Maka dari kesimpulan ini diketahui bahwa karakteristik tanaman sawit di dataran tinggi tidak lebih baik daripada di dataran rendah.

Jika produktivitas sawit pada lahan miring tidak lebih baik dibandingkan lahan datar dan jika karakteristik sawit di dataran tinggi tidak lebih baik dibandingkan di dataran rendah, maka dapat dibayangkan bahwa melakukan aktivitas perkebunan sawit skala besar di Dusun Kulik Sialang dan Desa Muara Dua sebenarnya tidak akan mendapatkan keuntungan yang lebih tinggi dibandingkan dengan melakukan aktivitas perkebunan di daerah lainnya yang memiliki lahan datar. Jika demikian, seharusnya “keuntungan besar” bukanlah menjadi alasan untuk membuka praktik aktivitas perkebunan skala besar di dusun tersebut.

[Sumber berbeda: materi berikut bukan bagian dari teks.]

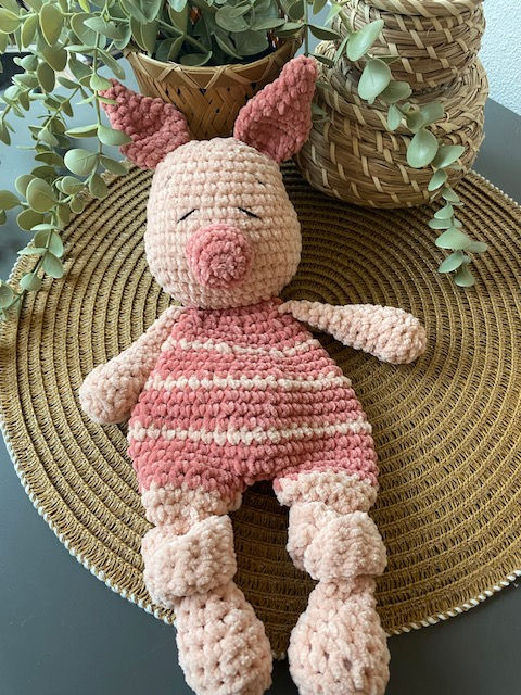 Maak kennis met deze onweerstaanbaar zachte handgemaakte snuggle, Knorretje. Met zijn vriendelijke snuit, pluizige lijfje en soepele vorm is hij de perfecte knuffelmaat voor je kleintje.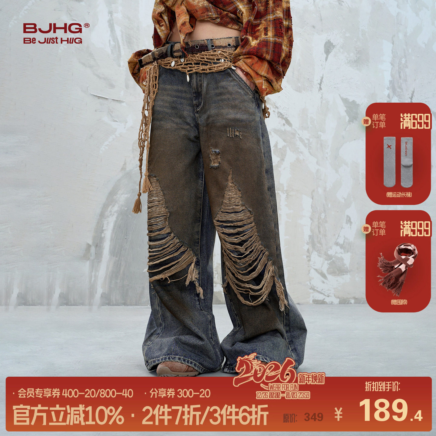 BJHG不计后果复古水洗做旧破洞牛仔裤女秋冬季美式直筒阔腿休闲裤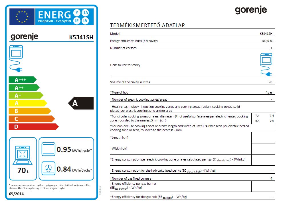 A Gorenje kombinált tűzhely K5341SH az A energiaosztályba tartozik és négy gázégővel ellátott. Szélessége 50 cm, magassága 85 cm, hosszúsága 59,4 cm.
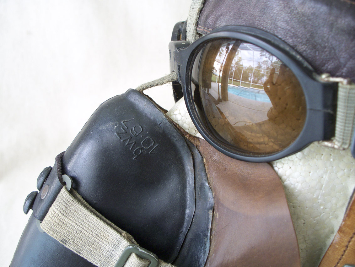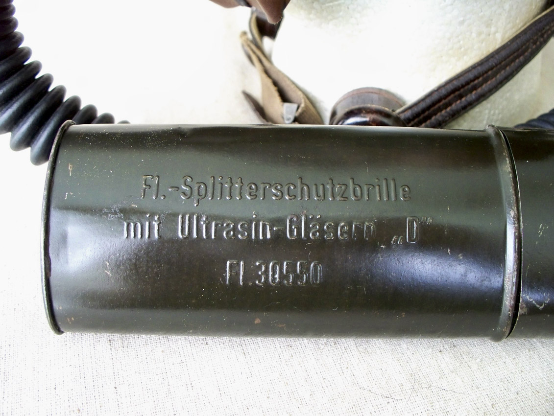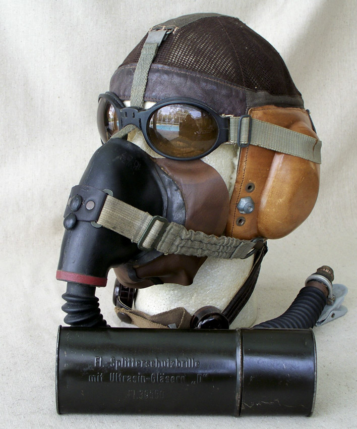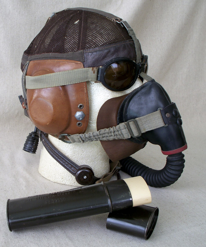 GERMAN LPKN-101 SUMMER FLIGHT HELMET: Label on inside of helmet Netzkopfhaube GR50 or KD, LKP-N-101, NA9 Herstetellar, Code-BXO, which is a summer weight with a mesh top to keep the top of head cool. Also includes 3 strap model 10-67 oxygen mask, splinter proof goggles with metal embossed case and cardboard interior liner. Splitterschulzbrille. Throat mics marked Mi4b, BXO 69 Ln26779-3 the above is on both throat mics. Material running down the center of the outside top of helmet to accommodate the 3 point oxygen mask; which is top fastened. Has short communication cord, 43-4/KO-43/363-1 light brown earphone inside housing of oxygen mask. Goggle case, metal case with cardboard original interior liner. Description on front stamped into the metal in German, 99% of paint remains on case including top and bottom. Sold on styrofoam head mount, overall 11 3/4'' h. x 11 1/2'' x 8 1/4''.
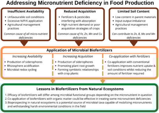 Numerous environmental factors and intensive agricultural practices can contribute to low micronutrient availability in arable soils, but biofertilizers offer an effective and sustainable way of fortifying crops with micronutrients to improve growth and yield, as well as alleviating hidden hunger in the global human population (Figure 2). Inorganic fertilizers can be costly, unsustainable, and often ineffective, but microorganisms capable of increasing micronutrient acquisition by plants can be used to produce biofertilizers and fortify food crops. By synthesizing the literature, we drew three key conclusions to guide future research and the refinement of biofertilizers (Figure 2):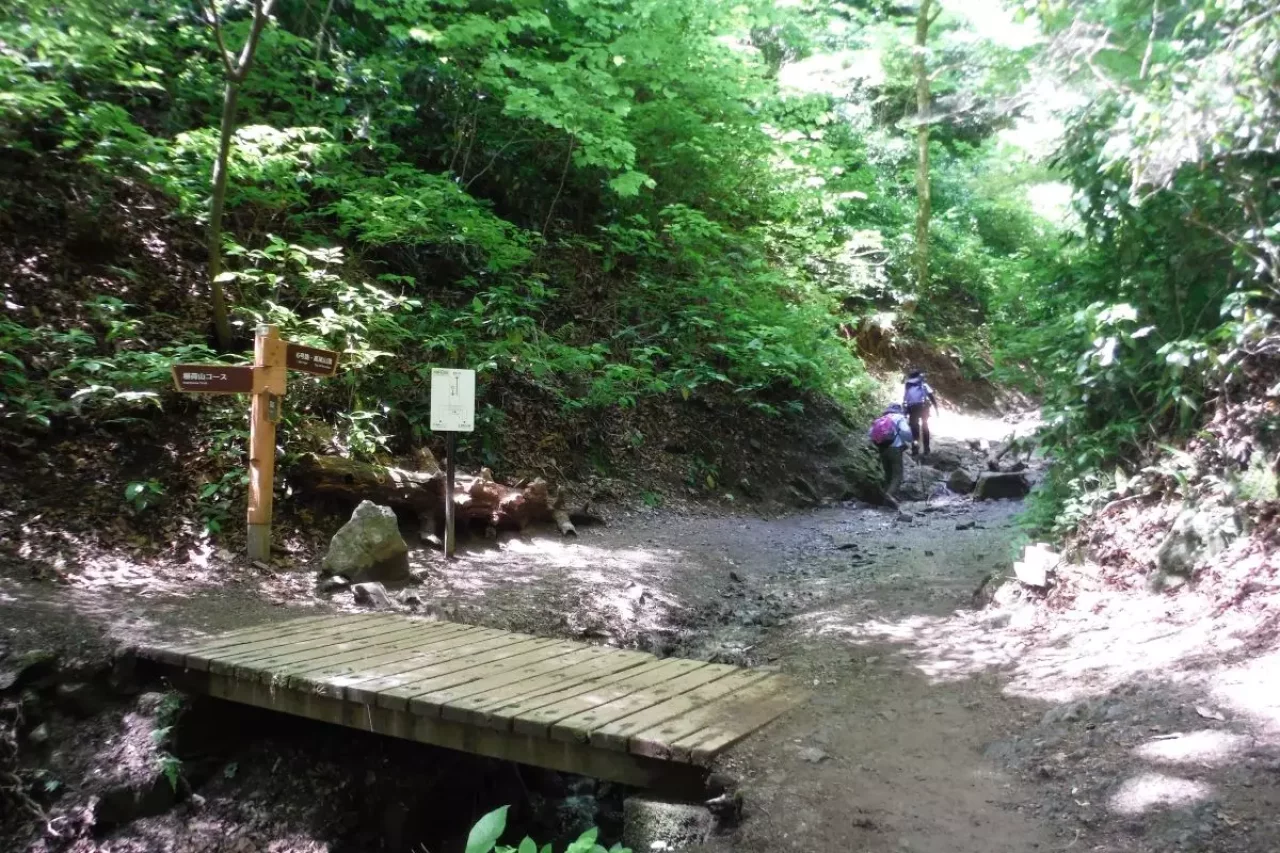 6号路は小川沿いの登山コースで、登りの所要時間は約1時間40分です。小川を見たりせせらぎを聞いたりしながら登れるため、夏にはピッタリのコースと言えます。登山道の道幅は狭くほとんどが砂利道で、木の根やゴツゴツした岩肌の上を歩く箇所もあります。谷であり雨が降ったあとの数日間は滑りやすいため、登り下りには注意が必要です。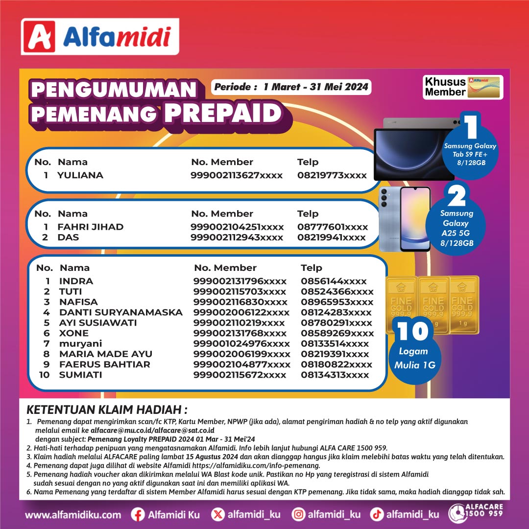 PEMENANG PAHALA, PARADE HADIAH ALFAMIDI LOYALTY MEMBER ALFAMIDI 2024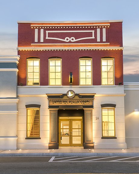 Das neue Center von United for Human Rights an Clearwaters Hauptdurchfahrtstraße, der Fort Harrison Avenue, steht nun als Hauptquartier für die Verwirklichung der Menschenrechte zur Verfügung. Es stellt einen standhaften Einsatz für breit angelegten Unterricht und breitgefächerte Information bezüglich der Menschenrechte im Bereich der Tampa Bay dar.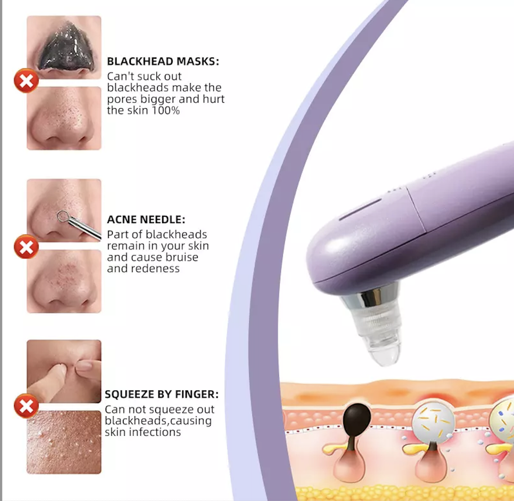 - Vacuum Blackhead Remover: The pore vacuum cleaner can solve these skin problems such as coarse pore, rough skin, dark skin, exfoliate dead skin, blackhead, pore of skin and dirt nose; lift skin elasticity and make the skin tighten through the 3 replacement suction Probes tool in different shapes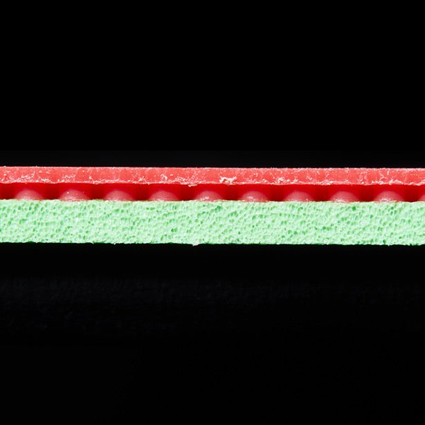 • Rotatie toplaag voor spin geladen vluchtbaan en optimale grip.

Dari hasil penelitian mengungkap struktur tanah pada sawit adalah gersang karena tanaman yang banyak membutuhkan air untuk kebutuhan hidupnya yang mencapai 10 L/hari, dari itu bisa kita pastikan banyaknya air yang diserap tanaman sawit menyebabkan tanah kering. Sedangkan, struktur tanah pada lahan kopi terdiri dari sifat fisik dan sifat kimia tanah. Sifat fisik berkaitan dengan unsur hara dan dilihat dari hasil analisis 16 unsur tingkat keasaman pH nya sangat masam sedangkan yang dikehendaki tanaman kopi robusta 4,5-6,5 sedangkan kopi arabika adalah pH 5,5-6,7 (netral), perlu juga diberi pupuk urea/. Kopi memerlukan kegemburan tanah yang dipengaruhi oleh kadar lengas/ ketersediaan air tanah, pabila KL yang cukup sehingga keadaan nya lembab dan sejuk, tapi kadar air yang tersedia lebih sedikit dari hutan karna tanah kopi telah melalui proses pengolahan dan penanaman. (Indri Puspika, dkk. Analisis Perubahan Struktur Tanah Dari Lahan Kopi Menjadi Lahan Sawit Di Desa Sukarami Kecamatan Lintang Kanan. Jurnal Georaflesia, Vol : 1, No : 1, Juni 2016)

Berdasarkan informasi ini kita mengetahui bahwa, tanah yang ditanami kopi adalah tanah lembab dan tanah yang ditanami sawit adalah tanah gersang. Sehingga berdasarkan penjelasan diatas, dapat pula kita ketahui bahwa tanah Dusun Kulik Sialang, Desa Muara Dua tempat masyarakat bertani kopi  merupakan tanah lembab yang terancam gersang karena ditanami sawit skala besar oleh PT. Ciptamas Bumi Selaras.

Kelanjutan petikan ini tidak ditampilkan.